Student: | Y. Wei |
---|---|
Timeline: | September 2021 - 7 September 2025 |
3D scene understanding is about developing computer algorithms that typically analyze or synthesize objects as they exist in a 3D physical world, which enables interaction between a machine (e.g., robot) and its 3D surroundings. With the advances in data-driven algorithms especially those based on deep learning, 3D scene understanding has shown a tremendous impact on a wide range of applications, including urban planning, autonomous driving, augmented reality and virtual reality. However, it is costly to collect sufficient 3D training data for deep learning-based approaches. For instance, 3D point clouds can be acquired by laser scanning techniques (e.g.,LiDAR), but LiDAR sensors are more expensive than regular cameras, and the limited sensor resolution may result in unsatisfactory point clouds.

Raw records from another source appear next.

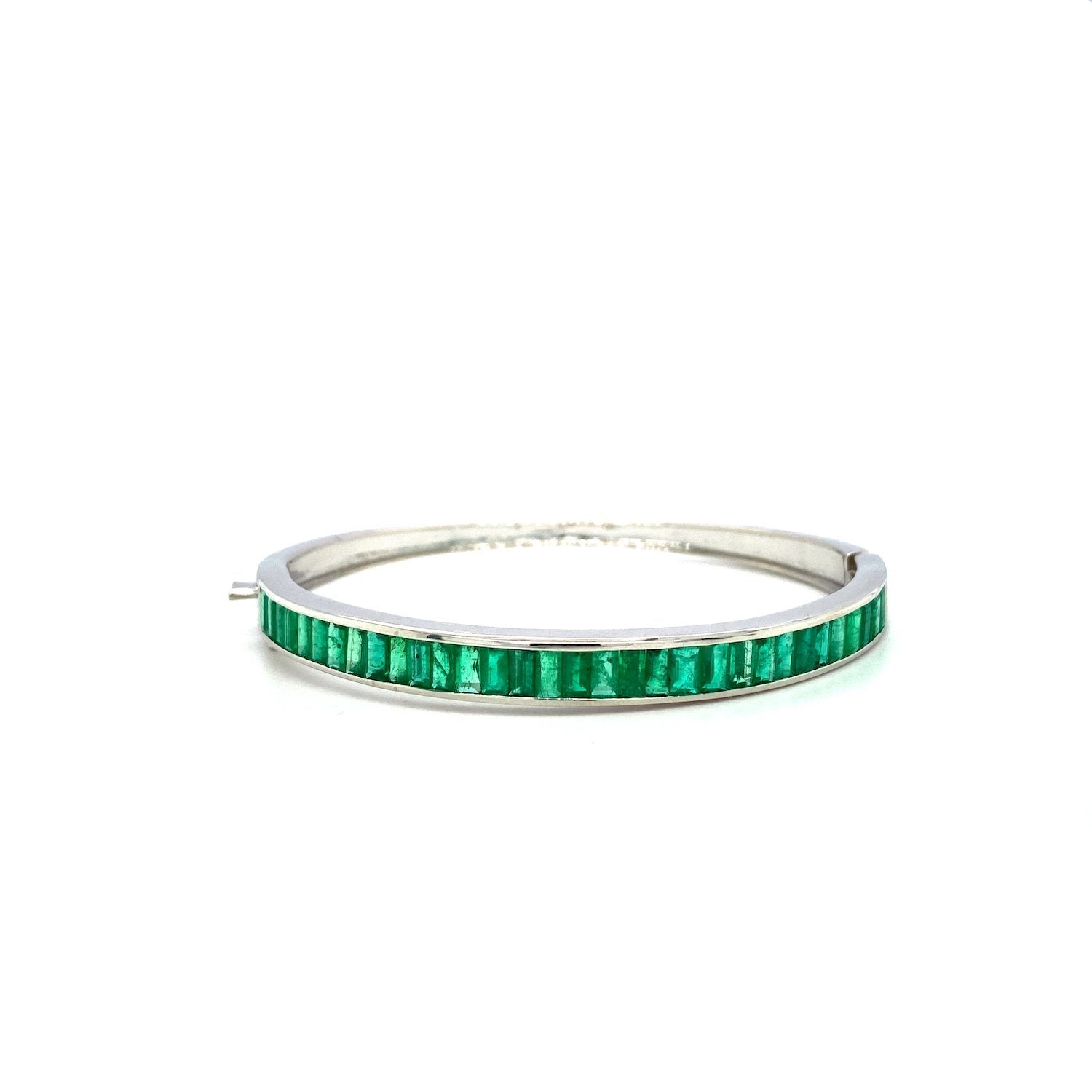 A queue of precisely cut emeralds sitting in channel setting of .925 sterling silver. Simple yet elegant, making for a staple piece in daily accessories.
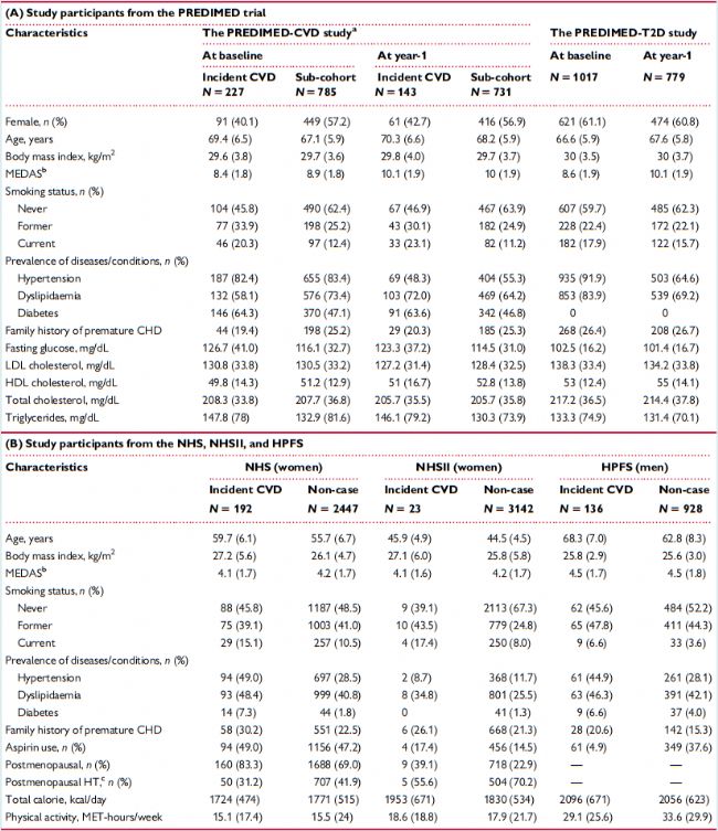表2 PREDIMED研究和NHS/ HPFS研究中MEDAS與CVD風(fēng)險(xiǎn)代謝特征的關(guān)系
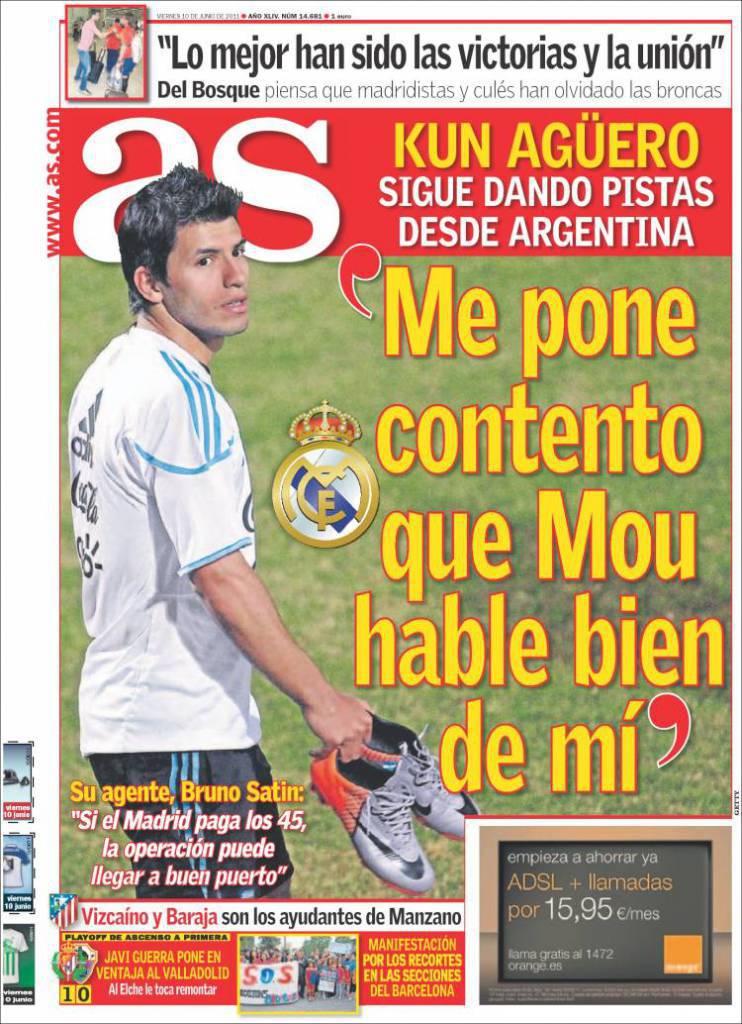 AS AGUERO MOURINHO – Sul quotidiano As vengono riportate le dichiarazioni di Aguero che ringrazia Mourinho per le belle parole.
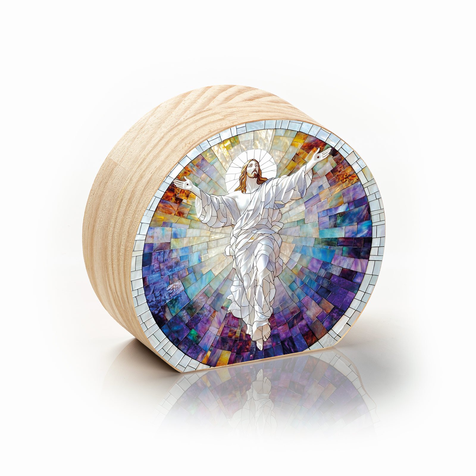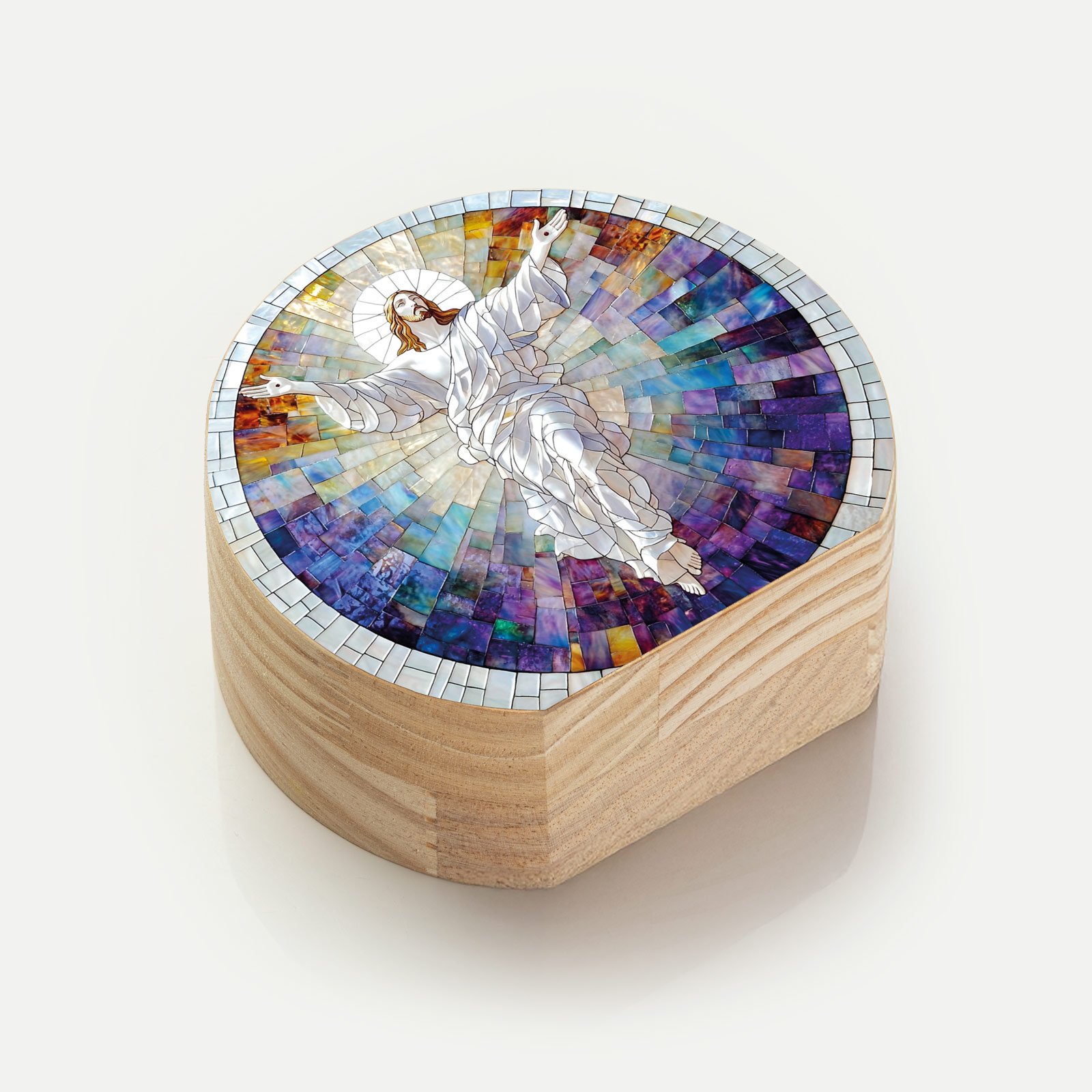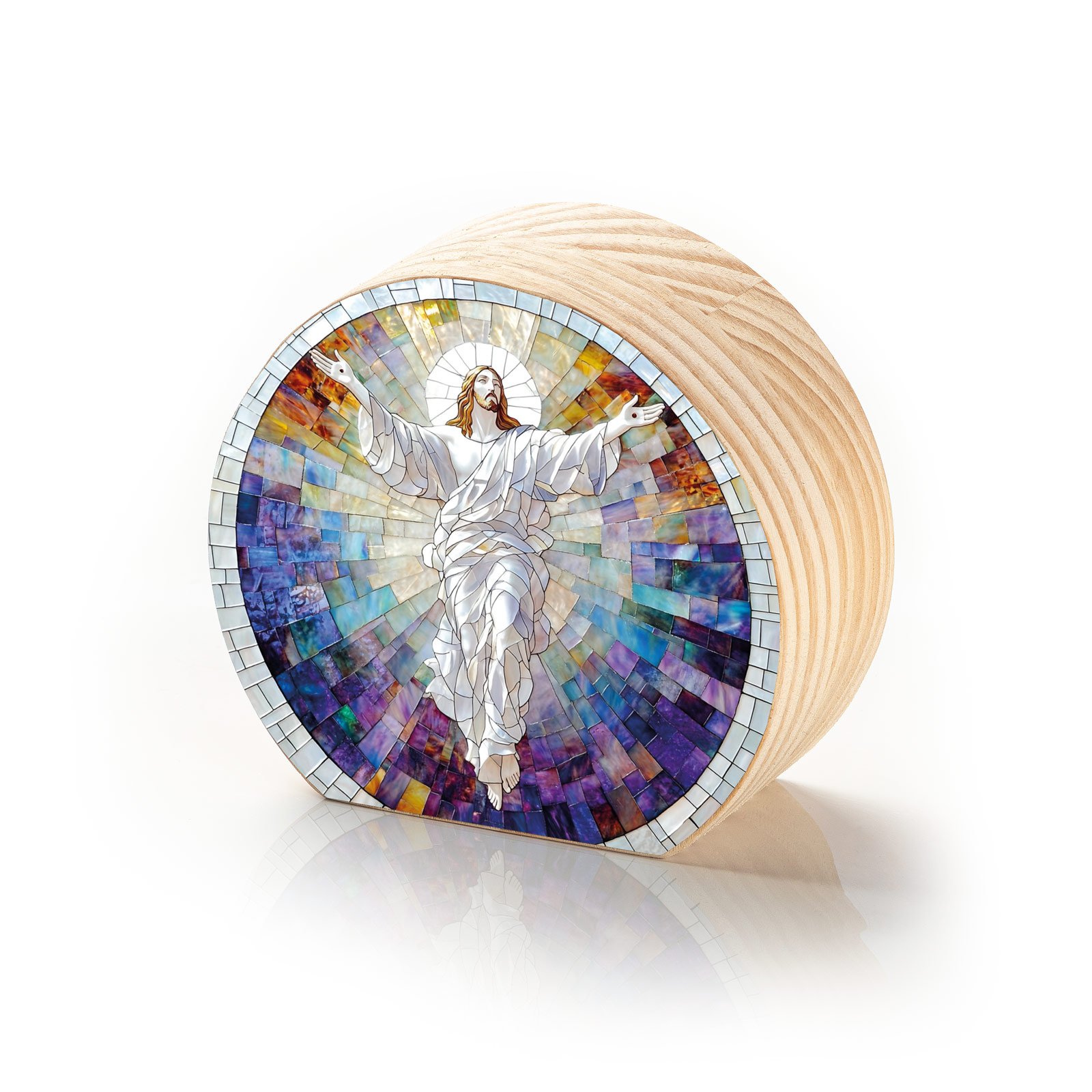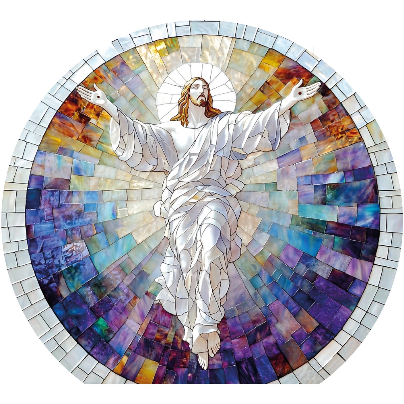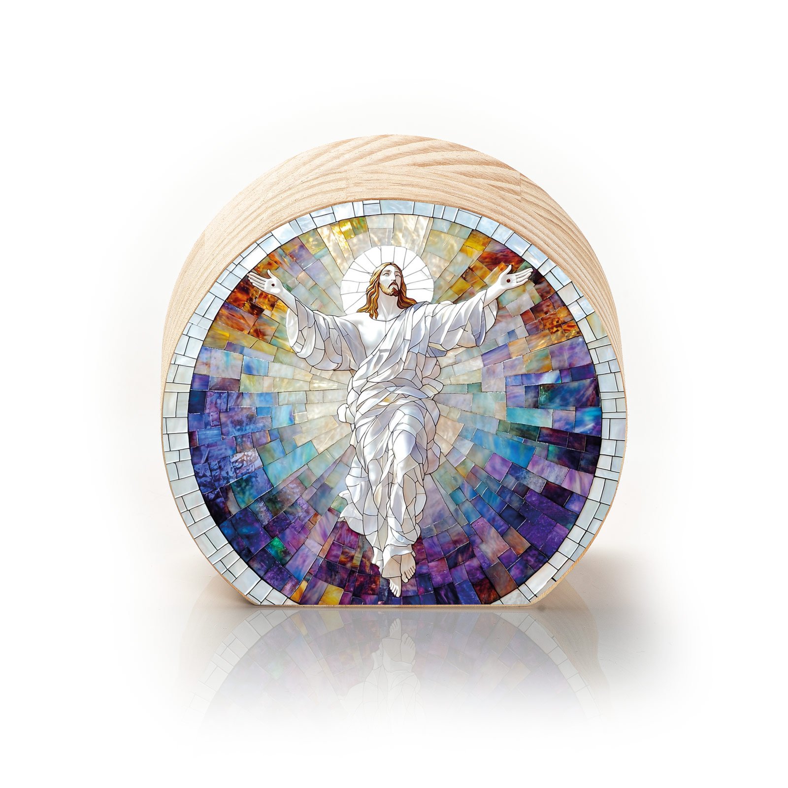 Sinta a presença divina com o Totem Decorativo ‘Luz da Ascensão’ da Linha Luna, uma peça que simboliza esperança, fé e renovação através de uma representação sagrada e luminosa. Jesus Cristo é retratado ascendendo aos céus, envolto por um mosaico radiante de tons celestes e violetas, como um portal espiritual que toca o coração e eleva o ambiente.

In addition, SfM techniques can reconstruct 3D models from multi-view images, but feature matching becomes hard when multiple viewpoints are separated by a large margin and local appearance varies a lot. Therefore, this research is interested in addressing these challenges from a generative perspective, aiming at the efficient production of 3D data at both the object level and the scene level.
Generative AI techniques, which have attracted remarkable attention from both academia and industry, offer a promising avenue for 3D data generation from other user-friendly modalities, such as single image-to-3D and text-to-3D. Most of the existing methods can handle with simple object-centric 3D scenes where they focus on 3D shape (or with texture) of a single object (e.g., airplane). However, these methods sometimes fail to control the generated content, leading to results that are inconsistent with the condition inputs. Furthermore, there remain open questions that hinder their further up-taking in practical applications. Taking the geo-information production as an example, real-world building objects are far more complex than the standard objects that previous works in computer vision fields have commonly focused on. Besides, inferring the 3D shapes and spatial relationships of multiple objects is a long-standing objective towards realistic 3D scenes. Our research would explore the general-purpose 3D scene generation by leveraging generative models such as VAEs, GANs, Normalizing Flows and Diffusion-based models; meanwhile, we especially focus on the development and applicability of generative models in geo-information production fields. Specifically, this research starts with object-level 3D point cloud generation from a single image, considering cross-category generalization for common object categories as well as intra-category specificity for complex objects. It covers diverse scenes, including indoor scenes composed of furniture and urban scenes composed of buildings. After solving the problems of controllable generation of multi-object 3D scenes, our long-term goal is to build a unified framework that could generate and manipulate 3D scenes from multi-modal conditional inputs.
This Ph.D. project is under the supervision of Prof. George Vosselman and Dr. Michael Yang. Regarding single image-to-3D point cloud, we present a new method FlowGAN [1] which inherits the flow-based generative methods for generating an arbitrary number of points, while improving the detailed 3D structures of the generated point clouds by leveraging an adversarial training strategy. As shown in the left part of Figure, our single-flow-based method can generate point clouds with cleaner global shapes and finer details while reducing computation costs during inference, compared to recent flow-based methods DPF-Nets and MixNFs which rely on multiple flow models. Also, it demonstrates the generalization capacity of our method since the 3D shapes can be reconstructed from real images even if the models are trained on synthetic images. Recently, we propose a diffusion-based method BuilDiff [2] for generating 3D point clouds of buildings from single general-view images in a coarse-to-fine manner. Guided by an image auto-encoder, a base diffusion model coarsely identifies the overall structures of buildings, and an up-sampler diffusion then derives higher resolution point clouds, as shown in the right part of Figure where the reference and predicted point clouds are colored by orange and blue, respectively. We believe our work could bridge the rapidly developing generative modeling techniques and the urgent problem of 3D building generation.
References:
[1] Wei, Y. , Vosselman, G. , & Yang, M. (2022). Flow-based GAN for 3D Point Cloud Generation from a Single Image. In 33rd British Machine Vision Conference 2022: London, UK, November 21-24, 2022 BMVA Press.
[2] Wei, Y. , Vosselman, G. , & Yang, M. Y. (2023). BuilDiff: 3D Building Shape Generation using Single-Image Conditional Point Cloud Diffusion Models. In IEEE/CVF International Conference on Computer Vision (ICCV) Workshops (pp. 2910-2919). IEEE.